ALBANY -- The possibility of a four-day school week and teachers being paid on merit instead of seniority or level of education were two of the hot education topics Dougherty County Board of Education Chairman David Maschke addressed Thursday.
Speaking at the Albany Rotary Club luncheon, Maschke responded candidly to the aforementioned questions asked by audience members.
The four-day school week question comes on the heels of the Wilcox County School Board recently voting to change its 2010-11 school calendar to a four-day schedule with classes Tuesday-Friday. Wilcox school officials believe the move would save about $100,000 annually. The plan still requires approval by the state board of education.
The Peach County School System switched to a four-day school week this school year due to state budget cuts.
"I don't think there's any chance Dougherty County will go to a four-day school week," Maschke said. "I think we've got to think about the parents and them having to find babysitting for that one day of the week. You can't just save money to save money; sometimes you have to spend money to have more effective teaching and learning. ... I just don't think it'll work here."

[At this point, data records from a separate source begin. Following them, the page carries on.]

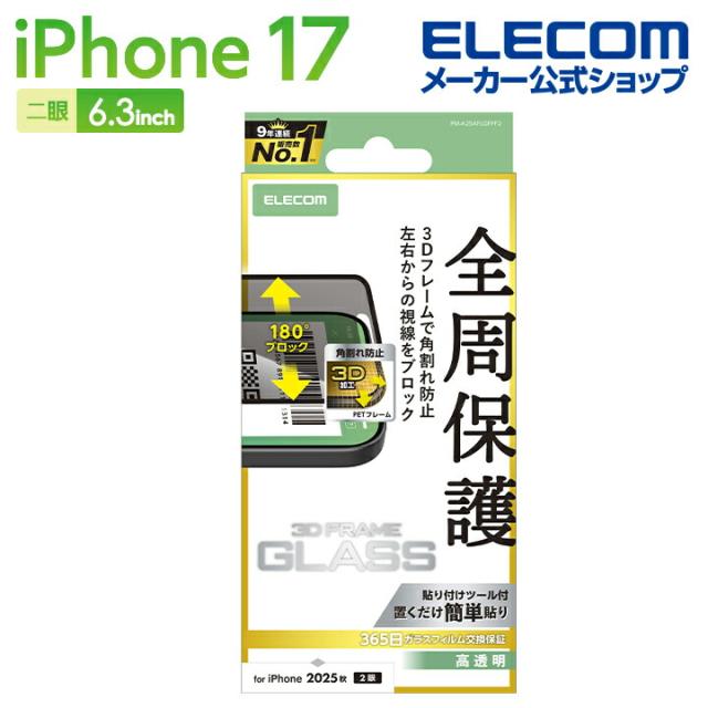 エレコム iPhone 17 用 ガラスフィルム フレーム付 のぞき見防止 左右 iPhone17 ガラス 液晶 保護フィルム ┃PM-A25AFLGFPF2
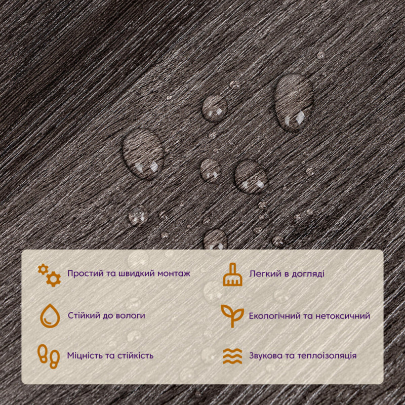 • Екологічна безпека: вінілова плитка під ламінат не містить токсичних речовин і виготовляється з відновлювальних ресурсів, що робить її безпечною для здоров'я та довкілля.
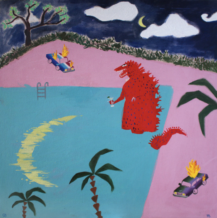 Gleb Baranov is a Krasnodar artist who has been serving as an assistant to the tanker captain for five years. Vladislava Tarasova is a Krasnodar artist originally from Yeisk. Having graduated from Krasnodar Art School (2021), she is currently studying contemporary art and design at MoMA (New York). Lately they have been working a lot together; recent exhibitions include “Psychological Research” in the “Coffee Library” and “Lands of Vak-vak” in the Contemporary Art Center “Module” (Bryansk). Playing with the scale and misalignment of expectations, the artists use references to the pop culture of the 90’s and aesthetics of the videogames. The main character of this ironic work is familiar to the viewer as a monster personifying a threat to the human society. Depicting a catastrophic reptile at the moment of rest and taking care of itself, the artists bring it closer to the viewer: sometimes a monster wants to live in beauty, even though the only candle available is someone's burning car.
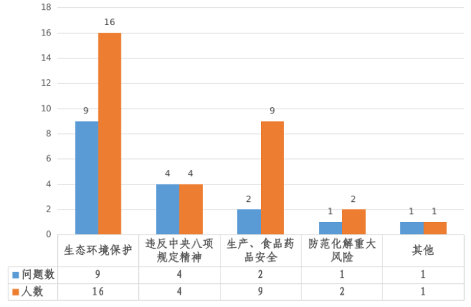 从问责领域看,生态环境保护领域9起16人,违反中央八项规定精神领域4起4人,生产、食品药品安全领域2起9人,防范化解重大风险领域1起2人,其他问责领域1起1人。
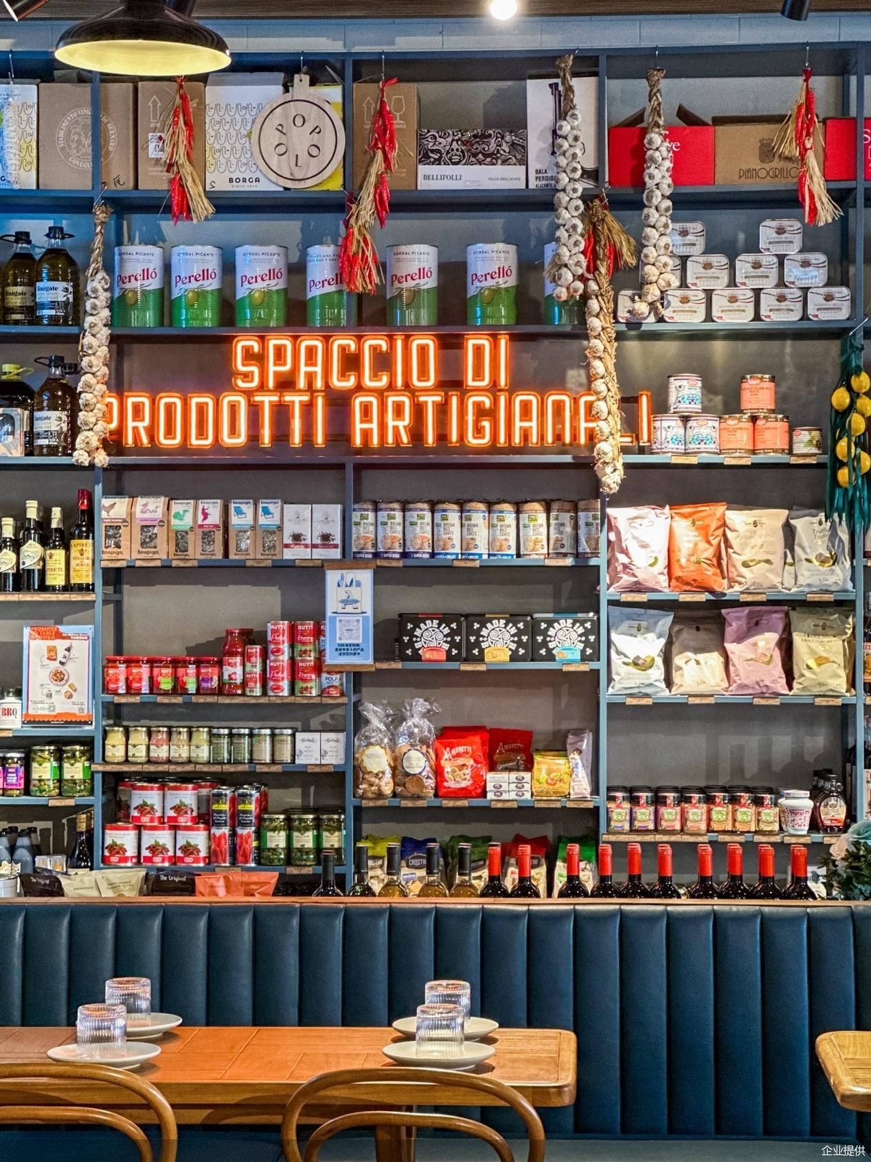 据介绍,⾃2017年上海安福路的第⼀家社区零售店铺——Alimentari起,便吸引不少消费者专程前去打卡。随着品牌升级,Alimentari尝试将餐厅、零售、酒吧集为⼀体,推出Alimentari Grande品牌旗舰店(上海东湖路店)。

After the meeting, Maschke said, "The four-day school week is not something the administration is recommending or that the board is considering."
Gov. Sonny Perdue recently proposed paying teachers based on their performance rather than their experience or the degrees they held. Perdue said the new pay structure could be adopted in three years.
"I'm a big proponent of merit pay and with as much data as the school system and state prepares, we should be able to get into it," said Maschke, who was elected board chairman last January. "But, I'll be honest. I don't think the Dougherty County School System will be looking into that.
"The difficulty of implementing merit pay is that teachers and teacher unions oppose it, and the education system does not run on a business model. So people are not rewarded based on performance or results. Teacher and administrator salaries are based solely on years of service and the degrees and certificates that the employees possess."
Maschke began his 27-minute speech by going over the school system's ongoing search for a new superintendent. Current Superintendent Sally Whatley announced her retirement in late August. Whatley will remain on the job until the school board replaces her and names its 14th superintendent since 1885.
The position attracted 39 applicants from around the country and one from the United Kingdom before the application process ended Nov. 24. The school board has had several executive closed-door meetings since December regarding the superintendent search. The board is hoping to have a person in place by February or March, so that he or she would be involved in the 2010-11 school year budget process.
"Just stay tuned because I think a lot of things will be unfolding soon on this," Maschke said.
An architect by trade, Maschke also told Albany Rotarians about reviews the school system had conducted through an Atlanta consulting firm recently on the child nutrition program and central office operations.
"The consultant is now doing a review of all of the Dougherty County School System, going one department at a time," Maschke said. "We're hoping to have this in line for when the new superintendent comes in."
Maschke said the school system has also recently reviewed its supplement pay, salaries and personnel policies. He noted that the school system and school board have also gotten more aggressive in releasing personnel who were guilty of inappropriate behavior.
"In the past, people who did certain things we allowed to resign and they could work down the road," he said. "But the board now is firing people. We aren't putting up with such foolishness and take personnel issues very seriously."
Maschke, who is in his third school board term, also said that he has found more "cooperation" between the current board than previous boards he has worked with. The Rev. James Bush, Anita Williams-Brown, Milton Griffin, Velvet Riggins, Emily Jean McAfee and Michael Windom are the other current school board members.
"I think in the past couple of years, there's a more cooperative spirit. If we disagree, we agree to disagree," Maschke said. "We don't walk out of the room angry with each other, and I think the relationship between the superintendent and the board is a positive one."